Abstract

In recent years, several anglophone biographical novels devoted to Agatha Christie have been published. Some of them focus on her 1926 disappearance in England, while others allude to this incident as a significant event from her past. The article investigates Iraqi author Ibrāhīm Aḥmad’s The Guitar of Agatha Christie (2016), an Arabic novel that tells the story of Christie’s disappearance in Baghdad in 1949. This novel is considered a postcolonial, postmodern and biographical novel in the article, and thus examined with reference to a number of studies on postcolonial fiction, biofiction and Genette’s narratology. Emphasis is placed on its narrative structure and “dual temporality”, a term introduced by Michael Lackey to describe how a biographical subject is employed in a narrative as a means for reflecting upon both his or her times and present-day reality.

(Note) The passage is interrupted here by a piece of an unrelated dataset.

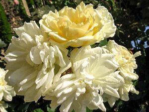 Große, halbgefüllte bis gefüllte, flach gewölbte Blüten in kleinen Gruppen. Lange, spitze Knospen. Öfterblühend.
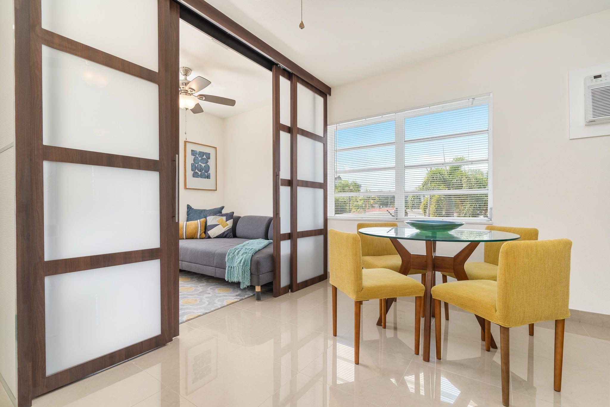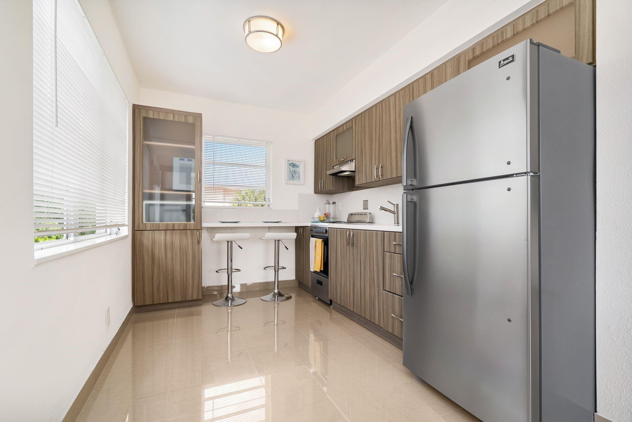 Amazing renovated large apartment offered furnished or unfurnished. One huge master bedroom with one smaller convertible bedroom/den plus 2 full baths. Gleaming Italian porcelain flooring throughout. Brand new kitchen cabinets, stainless steel appliances and bathrooms. Laundry room on site. Very quiet street, very private and secluded grounds with beautiful social areas to enjoy your coffee in the mornings and your cocktails in the evenings. Great Location. Close to beaches, walking distance to the restaurants and stores of Gulfstream and minutes to all major stores & restaurants of Aventura. Price offered is for unfurnished. Price with furniture is $2,200 per month.

The article seeks answers to the question of how Aḥmad’s historical and cultural background impacts his vision of particular events in Christie’s life. The article concludes by identifying four diegetic and temporal levels in the novel that resembles a portmanteau narrative. Agatha Christie and the story of her disappearance serve as a pretext to discuss Iraq’s post-World War I past and post-2003 present. Several other stories are included in this narrative, all of which involve encounters between representatives of the East and the West.